Confessions of a Meat Freak

Jul 27, 2012

Eating meat is so important to my diet that, when I’m traveling on business, I pack an emergency can of Spam. There are times when, rushing to get to a meeting in my rental car, I crack open a can, shape a makeshift spoon/fork/knife out of the lid, and shovel the pink, salty, unctuous processed pork into my mouth with one hand while gripping the steering wheel with the other.

By the time half the can’s contents are down my gullet, I can feel the meat’s healing powers as it nourishes my body, sharpens my brain and calms my soul. For me, a day that starts with meat is going to be a good day.

I don’t know why meat and I get along so well. I know there’s a popular theory that says people have different dietary needs based on their blood type. Some are natural omnivores, others are wired to thrive on pure animal protein, and some, the poor sods, are genetically predisposed to eat nothing but vegetables. I’m not sure of my blood type, but I know that meat is good for me, and I’m glad, because I love it so.

I’m not alone. Most humans love meat. Our cravings for fleisch are inexorably tied to memories of past meals: the sound of a steak hitting a hot skillet; the aroma of a plump, glistening turkey as an oven door is pulled open; the dark, shiny, bubbling surface of a pot full of braised lamb shanks; the multi-sensory explosion of a smoky, fat, juicy pork shoulder, fresh from the smoker at the magic moment that it’s first pulled apart. Each new meat-eating experience conjures up and connects us with a rich stew of Proustian remembrances of meats past, each bite building on the last and adding to the richness of the current meat moment.

As someone who has seared, fried, boiled, baked and barbecued and eaten enough meat to feed several armies, I’ve developed some strong preferences for certain types of meat and cooking techniques , but it’s impossible to narrow them down to one favourite.

Real Barbecued RibsHow can one choose between a bite of tender, succulent pork rib with its salty crust and sweet, tangy coating of sauce, and the first glistening slice of chicken breast that’s been carved from the bird, its golden skin hiding under a pool of velvety gravy?
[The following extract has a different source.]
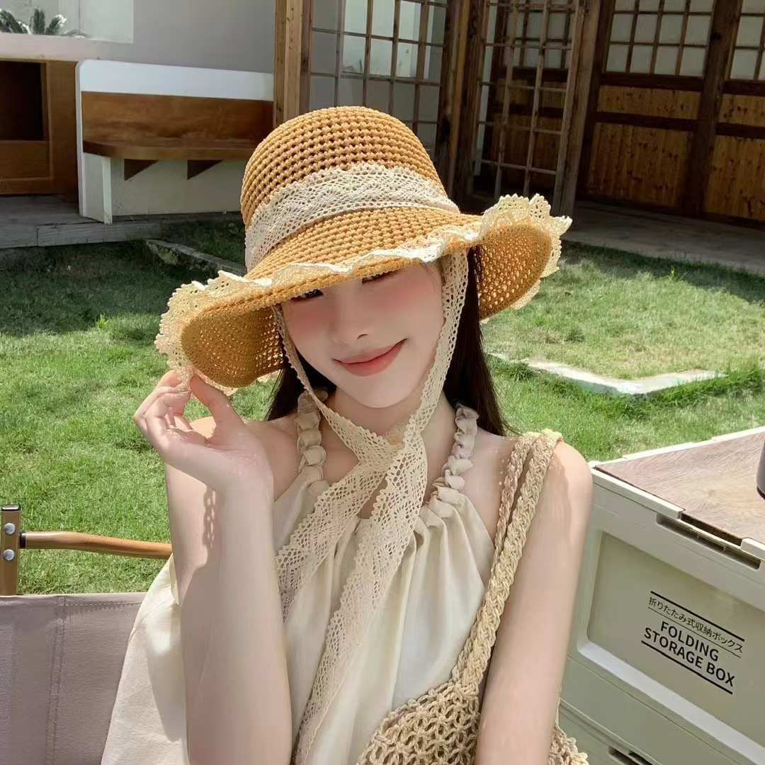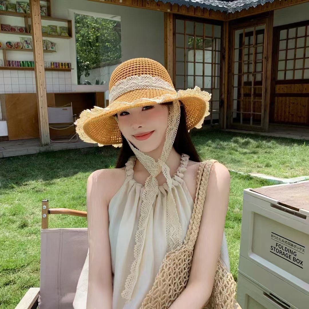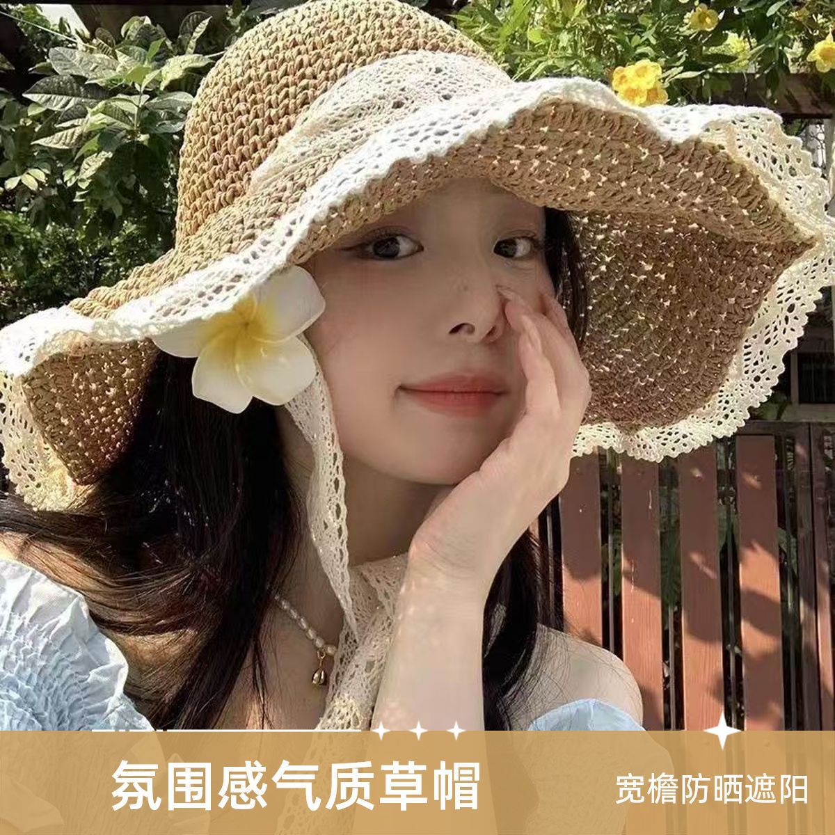 ins草帽海边帽子系带草编帽女夏出游防晒沙滩太阳帽蕾丝边遮阳帽
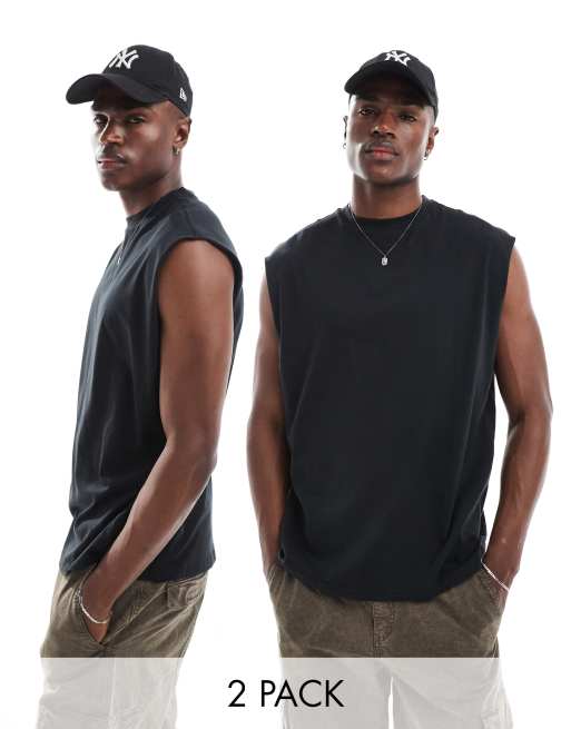 Another Influence – 2er-Pack Oversize-Trägershirts in Schwarz

How can anyone claim that a bright pink, bone-thick slab of pepper-crusted prime rib roast, with its quivering eye of silken fat, is better than a pan-seared duck breast, its bacon-crisp skin competing for attention with the silky smooth rare meat that accompanies every forkful?

And is it really fair to compare the dark richness of fork-tender beef short ribs that have been braised for hours in red wine and veal stock with a rack of lamb coated with sea salt and herbs and grilled for a few minutes over a charcoal fire?

No. There are so many meats, and so many ways to make them taste great, one just can’t pick a winner.

But perfect meat that’s perfectly done has some shared traits. It must be juicy, of course. There’s nothing worse than white, overcooked pork, or dry, mealy chicken breast, or grey, crumbly beef brisket. Texture is so important. Whether it’s braised for hours and served shredded, or cooked so little that it scares away the squeamish, great meat has a smooth texture that caresses the taster’s tongue. Ideally, that smoothness is contrasted with a charred, crunchy, salty crust. And then there’s the fat. Whether it’s contained in the cracklings or marbled into the meat itself, fat must be present, for without it, the meat cannot fully satisfy.

Tomahawk ribeye on the grillI’ve eaten so much meat that I’m kind-of jaded, and I’m always on the lookout for new trends and exotic meat-eating experiences. One of the best things that’s happened over the last few years is a resurgence of fatty meat. In the 1980s the cholesterol fascists took over the food chain, and most of the fat and flavour were bred out of our beef and pork. Today, well-marbled meat is gaining in popularity and breeds like Berkshire pork and Wagyu beef are available to home cooks. One of the best meat experiences I’ve ever had was a special cut of Wagyu beef called spinalis, or rib-eye cap. It must have had about a 50 per cent fat content; when it came off the grill, it jiggled like Jell-O. Man, oh man, was it good.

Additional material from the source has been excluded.